= Temple Rice Hollcroft =

American mathematician (1889–1967)

Temple Rice Hollcroft, Sr. (8 April 1889, Alton, Indiana – 1967) was an American mathematician and local historian.

Hollcroft received B.S. in 1912 and A.B. in 1914 from Hanover College and then A.M. in 1915 from the University of Kentucky. He received in 1917 his Ph.D. from Cornell University under Virgil Snyder and during WW I served in France as a second lieutenant in the Field Artillery. Hollcroft was a mathematics professor at Wells College from 1918 to 1954, when he retired as professor emeritus. He served for 14 years as associate secretary of the American Mathematical Society. In 1932 in Zurich he was an Invited Speaker of the ICM, with talk The general web of surfaces and the space involution defined by it.

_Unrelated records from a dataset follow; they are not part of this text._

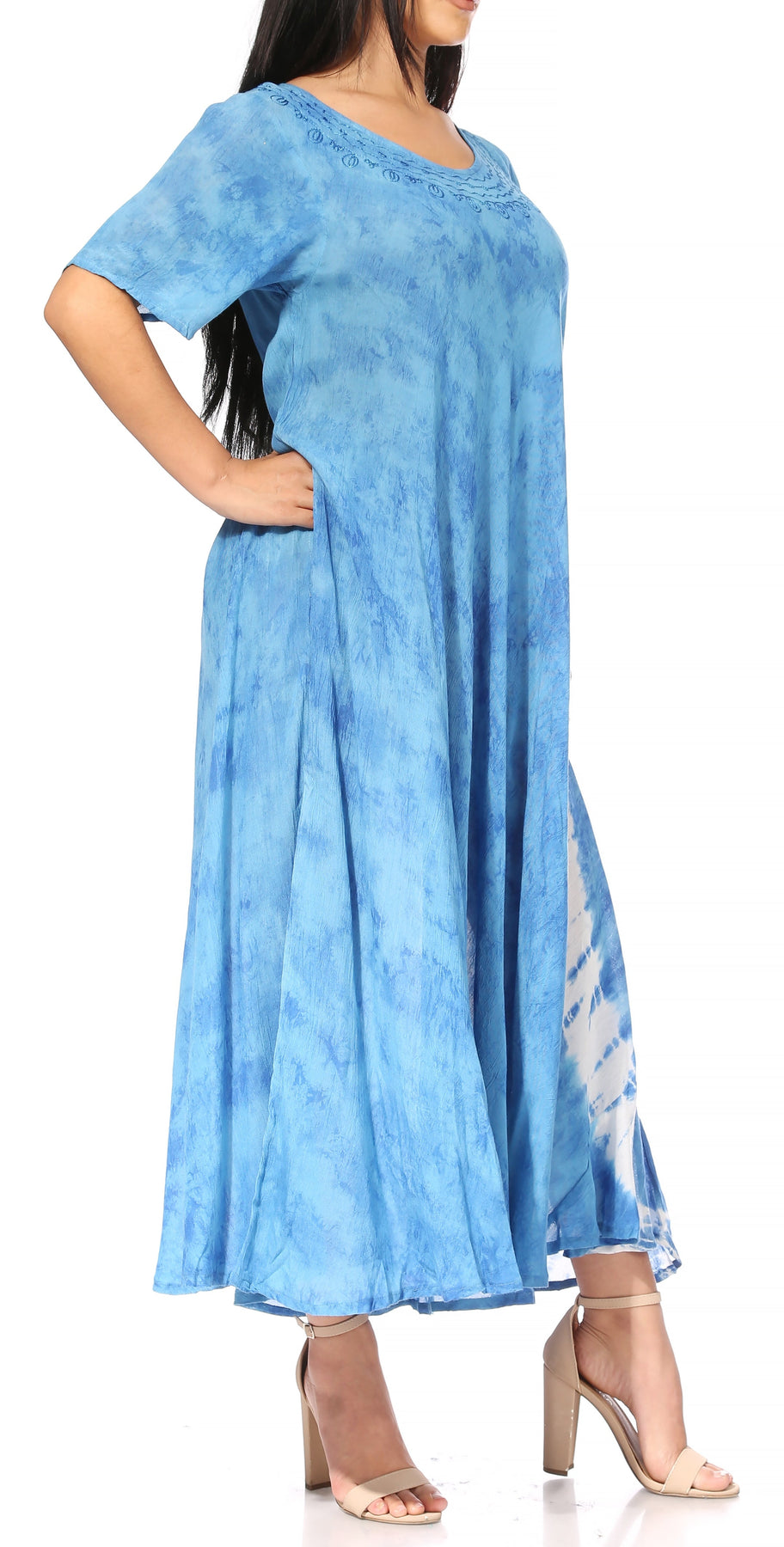Sakkas Marcela Women's Casual Summer Maxi Short Sleeve Boho Dress Kaftan Sundress
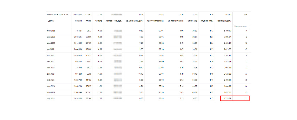 Для того чтобы добиться 2-х кратного увеличения чистой прибыли с рекламных кампаний работавших у клиента в данном случае не пришлось придумывать каких-то необычных стратегий и неординарных подходов к задаче. Хороший результат был достигнут только при помощи нашего базового видения того как должны выглядеть рекламные кампании любого из наших клиентов. Мы взяли то, что уже было настроено в рекламных кампаниях клиента и привели это к нашему "золотому" стандарту качественно настроенной рекламы. Это дало свои плоды и в уже течение первого месяца после оптимизации цена лида стала снижаться, а их количество сразу же начало расти.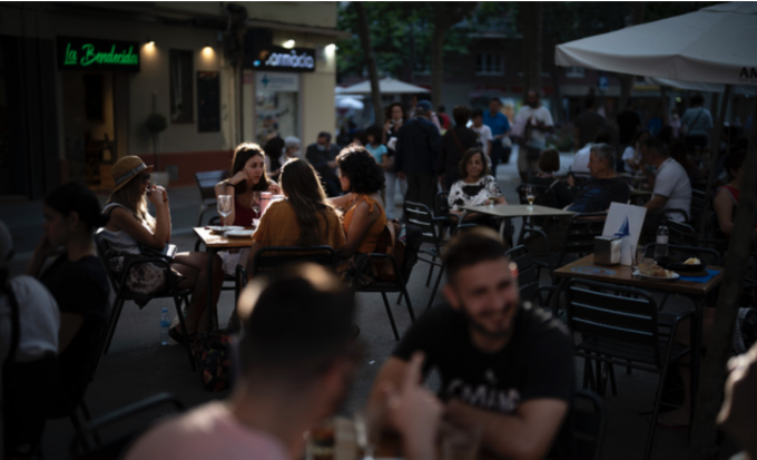 30일(현지시간) 스페인 바르셀로나의 한 술집 야외 테이블에서 시민들이 마스크를 쓰지 않은 채 담소하며 술을 마시고 있다. [AP 뉴시스]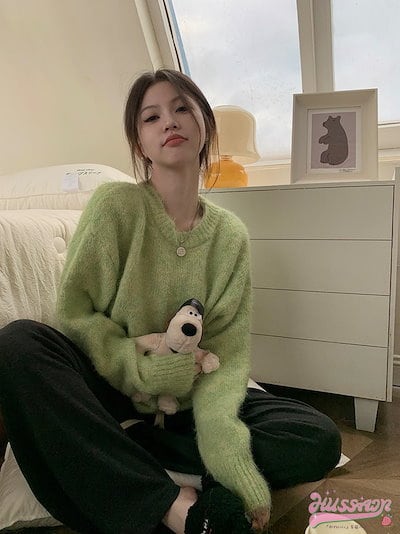 トップス ニット セーター グリーン 緑 ラウンドネック ゆったり 秋 かわいい おしゃれ カジュアル 韓国ファッション レディース お出かけ
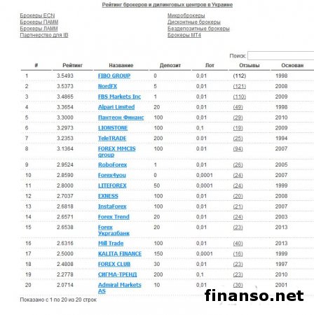 Finanso.net назвал лучших брокеров Украины октября 2014-го: FIBO GROUP, NordFX и FBS Markets IncКатегория: Брокеры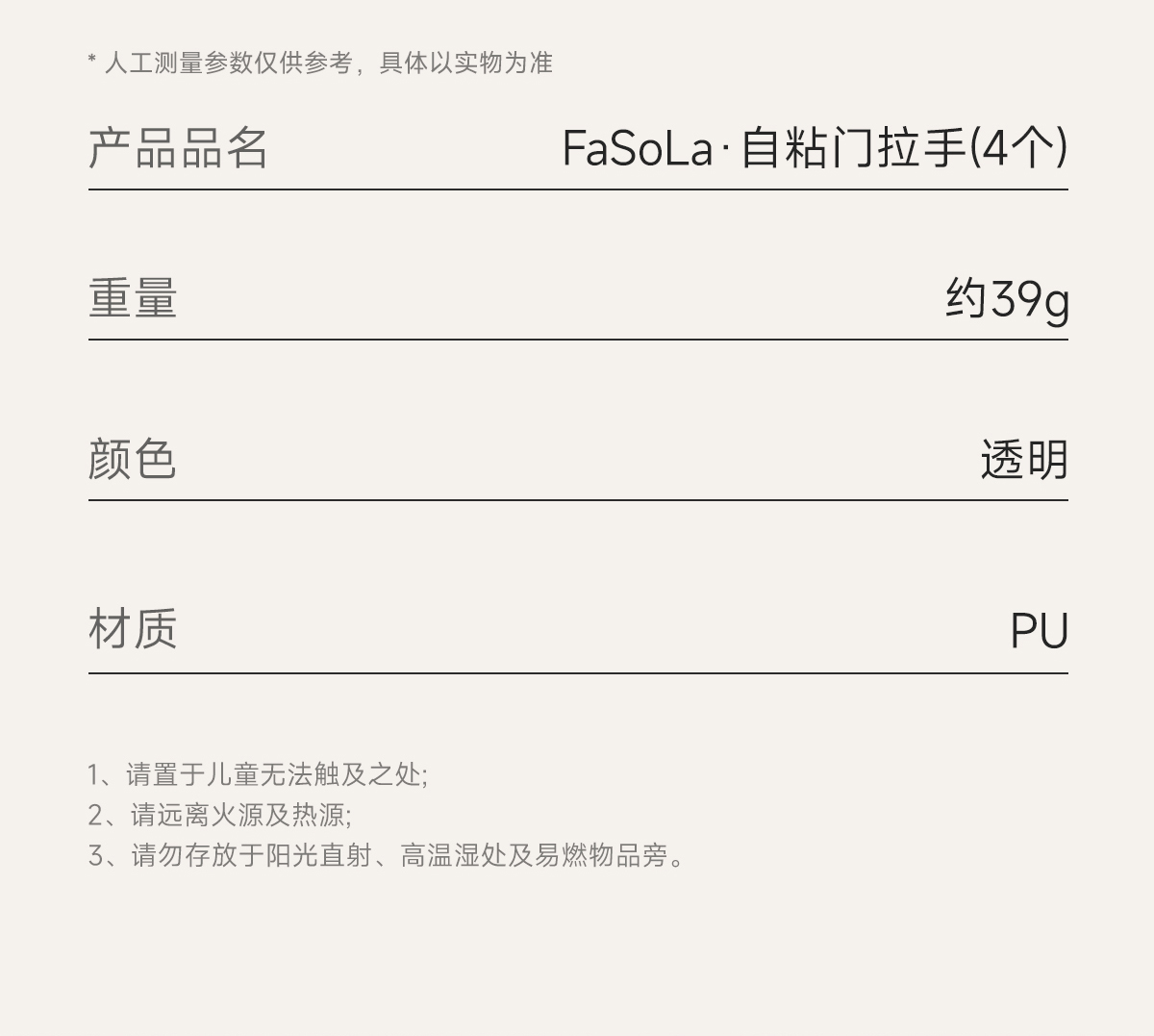 FaSoLa柜门拉手免打孔推拉门橱柜抽屉粘贴把手家用简约自粘门拉手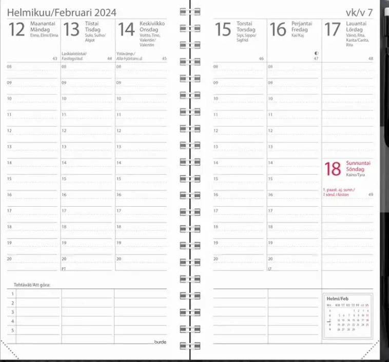 New Kalenteri 2024 Plan Musta Keinonahka (Kaksikielinen) Kalenterit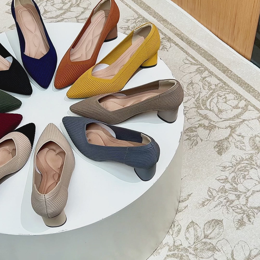 ポインテッドトゥ 浅口 ミドルチャンキーヒール シューズ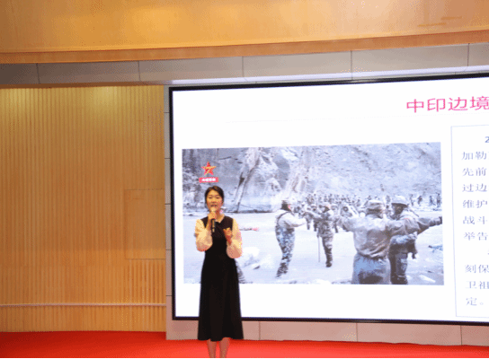 刘蜜以《向实现建军一百年斗争目的迈进》为主题,,,,,解读了建军一百年斗争目的,,,,,叙述了为什么要推进国防和军队现代化建设,,,,,以图文并茂的形式展示了新时代以来的强军效果。。。。。。。。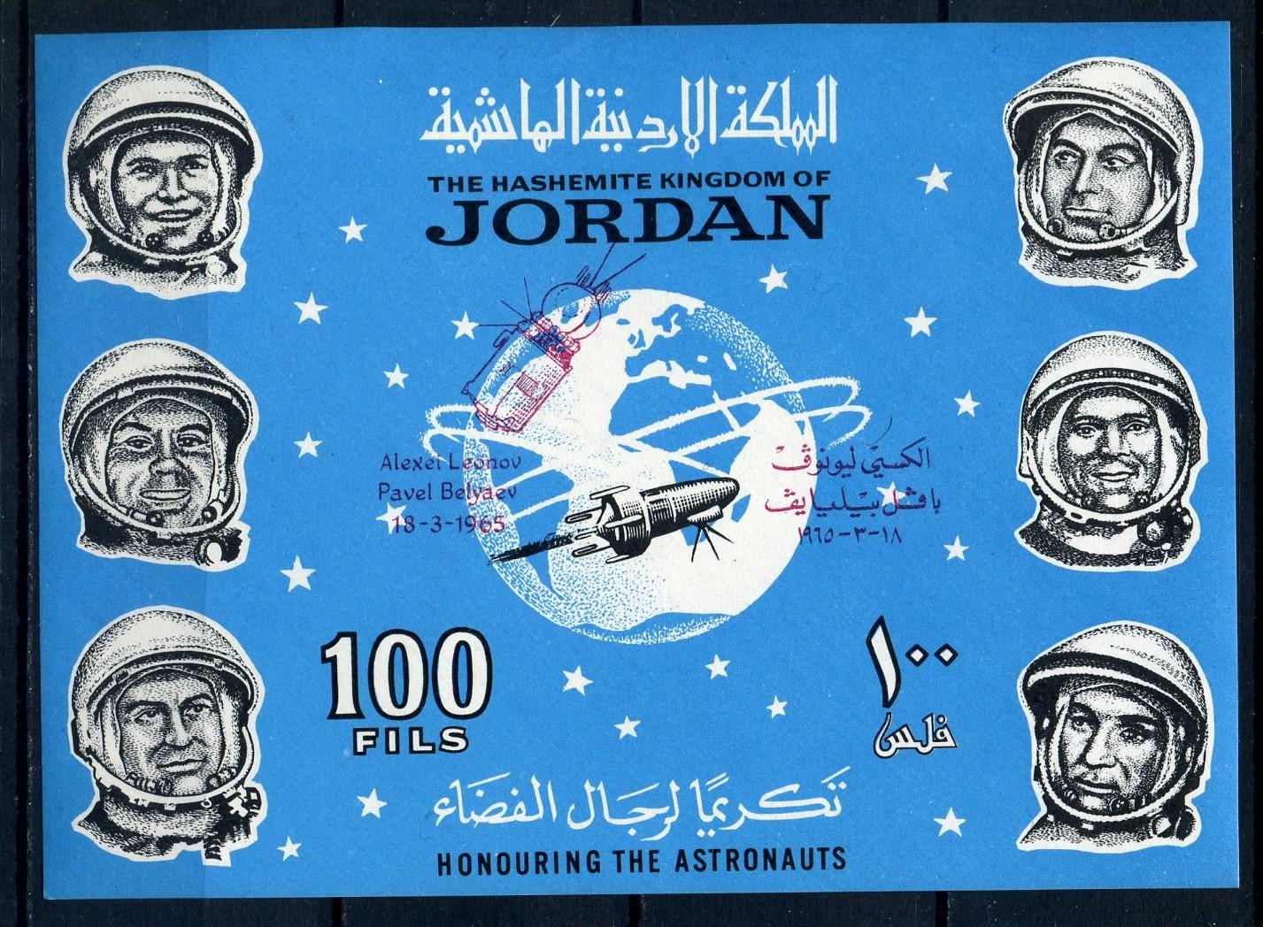 Почтовые марки. Иордания. 1966г. Блок №30в. Беззубц. Космос. Восход-2. Надпечатка. (Mi : 60.00 Euro)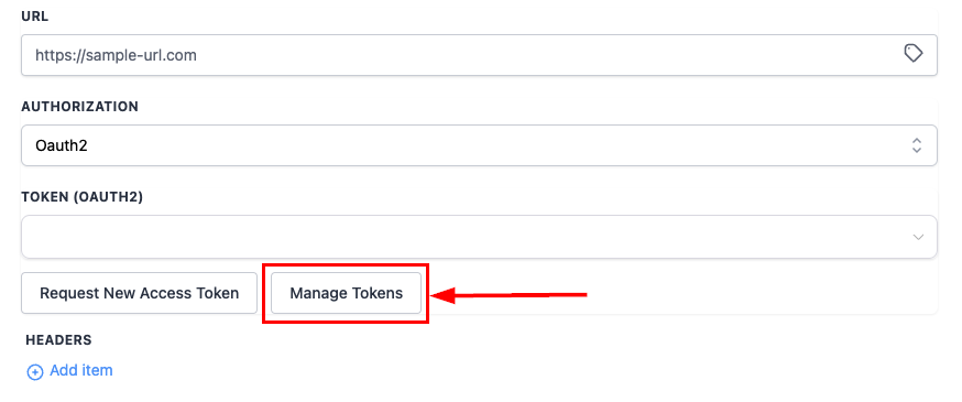 Once OAuth2 is selected, you can either use an existing token by selecting it from the dropdown menu or request a new one.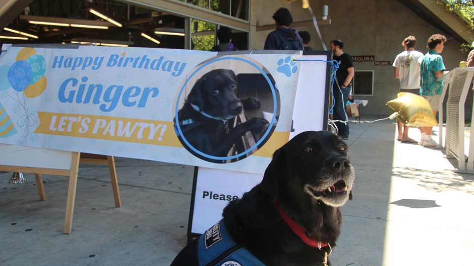 People gathered in the PAC Cafe to sing to Ginger and eat cake, cupcakes, and cookies. There were also treats offered for guests to bring home to their own dogs and stickers with Ginger’s face on them.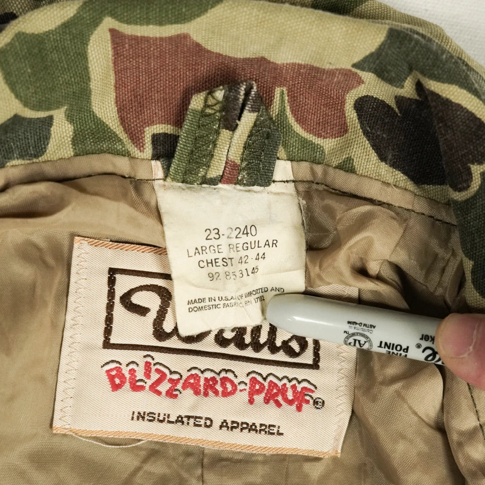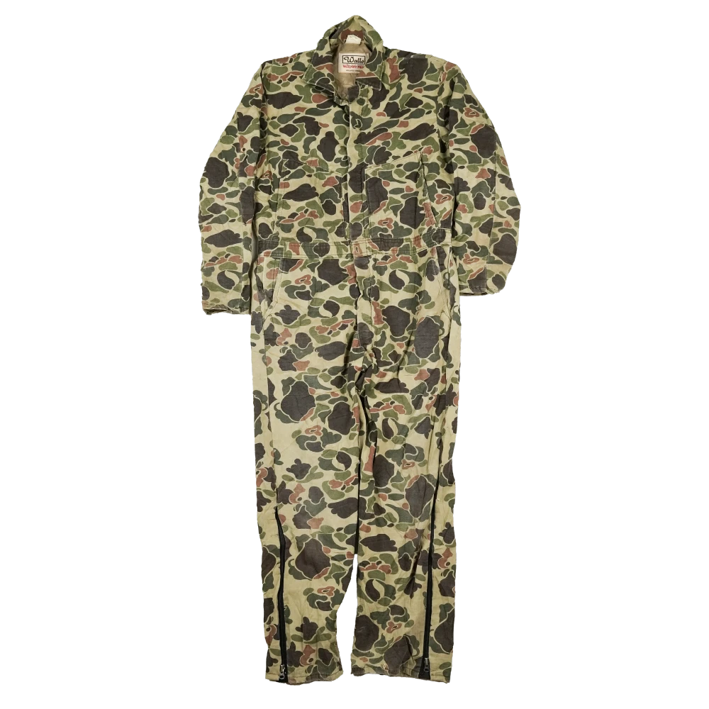 Insulated coveralls by Walls in Duck Hunter camouflage. Heavy-duty construction with a quilted insulated lining, zip-front entry, and an elasticated waist. Made in the USA.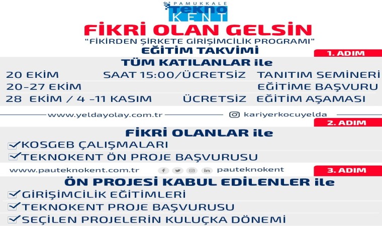 Uçtan uca, fikirden şirketleşmeye kadar girişimcilere; motivasyon, girişimcilik eğitimleri ve destek programlarının tanıtımı sağlanacak. Eğitimlere tam katılımın zorunlu olduğu program sonunda katılımcılara sertifika verilerek şirketleşme süreçlerine destek sağlanacak. Ayrıca, başarılı girişimcilik öyküsü olan kişiler ile girişimci adayları buluşturularak fikir paylaşımı yapılması sağlanacak. Pamukkale Teknokent tarafından ‘Fikri Olan Gelsin’ eğitim programı, Kariyer Koçu Yelda Yolay’ın anlatımı ile 28 Ekim Perşembe günü başlayacak. İlki 28 Ekim 2023’te, ikincisi 4 Kasım 2023’te ve son olarak 11 Kasım 2023’te tamamlanacak eğitim programı 13.00-17.00 saatleri arasında Pamukkale Teknokent konferans salonunda gerçekleştirilecek. Ayrıca bütün vatandaşlar da düzenlenen eğitim programından ücretsiz bir şekilde yararlanabilecek.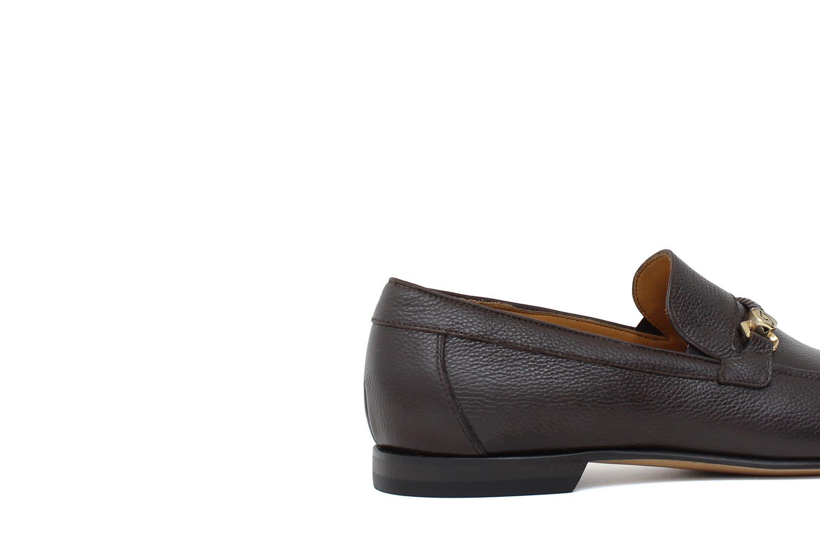 Mocassino in vitello dollaro testa di moro con fondo in cuoio antiscivolo

The Temple Rice Hollcroft Collection at Wells College contains documents related to the history of Wells College, Henry Wells, Edwin B. Morgan, Wells Fargo, and American Express. The collection also contains some Alonzo Delano papers, Henry Warner Slocum autograph letters, and miscellaneous documents related to the history of Cayuga County, New York.

==Selected publications==
- Singularities of curves of given order. Bull. Amer. Math. Soc. 29 (1923) 407–414.
- Limits for actual double points of space curves. Bull. Amer. Math. Soc. 31 (1925) 42–55.
- Singularities of the Hessian. Bull. Amer. Math. Soc. 33 (1927) 90–96.
- Multiple points of algebraic curves. Bull. Amer. Math. Soc. 35 (1929) 841–849.
- Invariant postulation. Bull. Amer. Math. Soc. 36 (1930) 421–426.
- The bitangential curve. Bull. Amer. Math. Soc. 37 (1931) 82–84.
- The general web of algebraic surfaces of order n and the involution defined by it. Trans. Amer. Math. Soc. 35 (1933) 855–868.
- Characteristics of multiple curves and their residuals. Bull. Amer. Math. Soc. 39 (1933) 959–961.
- The web of quadric hypersurfaces in r dimensions. Bull. Amer. Math. Soc. 41 (1935) 97–103.
- The web of quadrics. Bull. Amer. Math. Soc. 42 (1936) 937–944.
- The Binet of quadrics in S_{3}. Trans. Amer. Math. Soc. 42 (1937) 32–40.
- Branch-point manifolds associated with a linear system of primals. Bull. Amer. Math. Soc. 43 (1937) 379–383.
- The existence of algebraic plane curves. Bull. Amer. Math. Soc. 43 (1937) 503–521.
- The maximum number of distinct contacts of two algebraic surfaces. Bull. Amer. Math. Soc. 45 (1939) 158–163.
- Anomalous plane curve systems associated with singular surfaces. Bull. Amer. Math. Soc. 46 (1940) 252–257.